Wenn immer wieder gesagt wird, wir seien jetzt in der Mitte der Legislaturperiode und würden keine breit abgestützten Projekte hinkriegen, dann ist mindestens diese Vorlage hier der Beweis dafür, dass dieser Rat dazu fähig und nach meiner Überzeugung auch willens ist. Er ist es aber nur, wie es Verschiedene vorher mit mässiger Begeisterung und andere wie der Kommissionssprecher mit grösserer Begeisterung gesagt haben, wenn wir hier einzelne Schritte tun, wenn wir diese Schritte abgesprochen tun und wenn wir diese Schritte in die richtige Richtung tun.

Von daher gesehen unterstützt auch unsere Fraktion das Eintreten auf diese Vorlage, denn sie bringt eben eine Lösung, die nächste Schritte konkret praktikabler macht. Es wird dann vor allem wesentlich sein, was bei den nächsten Schritten passieren wird.
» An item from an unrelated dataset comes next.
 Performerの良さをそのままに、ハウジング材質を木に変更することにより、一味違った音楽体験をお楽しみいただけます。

Ich möchte zu diesem Umfeld aber noch zwei, drei Bemerkungen anbringen, die mich bewegen. Es gibt im Bildungswesen Bereiche, wo das Volk sehr viel zu sagen hat; vor allem auf kommunaler Ebene, wenn es um die Budgets geht, bei der Frage, wann man mit der Informatik anfängt, und bei anderen Dingen. Dann gibt es zentrale Dinge, wo wir einfach Namen italienischer Städte hören, und schon steht die Schweiz stramm.
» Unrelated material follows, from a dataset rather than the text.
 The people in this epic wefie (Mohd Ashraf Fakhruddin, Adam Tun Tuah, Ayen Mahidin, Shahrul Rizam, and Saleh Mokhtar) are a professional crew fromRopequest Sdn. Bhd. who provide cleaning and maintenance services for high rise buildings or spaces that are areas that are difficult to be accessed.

Bologna: Bildungsdirektoren aus Europa kamen zusammen, fassten einen Beschluss ohne demokratische Abstützung, und was tut die Schweiz? Sie ist die Erste, die rast, um diesen Beschluss vollständig umzusetzen. Ich habe nichts dagegen, dass man diese Reform auch durchführte, aber sie hatte keine politische Abstützung. Das hat jetzt auch im Vollzug an vielen Orten grosse Probleme gegeben, weil die Schweiz offensichtlich immer noch den Eindruck entstehen lässt, wir würden alles selber entscheiden; aber wenn etwas von einer übergeordneten Ebene kommt, sind wir in der Umsetzung immer die Ersten. Vielleicht wäre es manchmal auch gut, in solchen Fragen die Schritte etwas langsamer zu tun, um eben die Folgerungen koordinierter zu ziehen.

Die zweite Stadt ist Pisa. Da schauen viele ängstlich darauf, was dann die nächste Pisa-Studie ergibt, auf welchem Rang unser Land sein wird. Ist es so entscheidend, ob wir von der einen zur anderen Studie etwas rutschen? Eine solche Statistik ist doch nicht entscheidend; entscheidend ist das Inhaltliche, was wir tun. Wir halten es schon für richtig, dass man solche Vergleiche macht. Dies zur Ermutigung, sich anzustrengen, ein gutes Bildungswesen zu haben. Aber man soll nicht immer nur ängstlich auf Statistiken blicken, sondern Schritte tun.

Ich habe selber mit dem Bildungswesen auf allen Stufen zu tun. Ich bin seit Jahren in unserer Gemeinde für das Schulwesen zuständig. Ich erlebe es von dieser Seite her, dass wir seit Jahren nur noch Baustellen haben; zu viele und manchmal auch am falschen Ort. Wenn wir hier im Bildungsbereich - richtigerweise - eine neue Verfassungsbestimmung machen, müssen wir auch aufpassen, dass wir nicht die Erziehungsdepartemente zu "Bildungsbaudepartementen" umbenennen müssen, um die Realitäten abzubilden. Es braucht auch wieder Bereiche, in denen alle an der Schule Tätigen wieder ein Stück Arbeit sinnvoll ausführen können.

Schliesslich hängt im Bildungswesen immer noch alles davon ab, welche Menschen mit welcher Haltung, mit welchen Werten gestalten und handeln.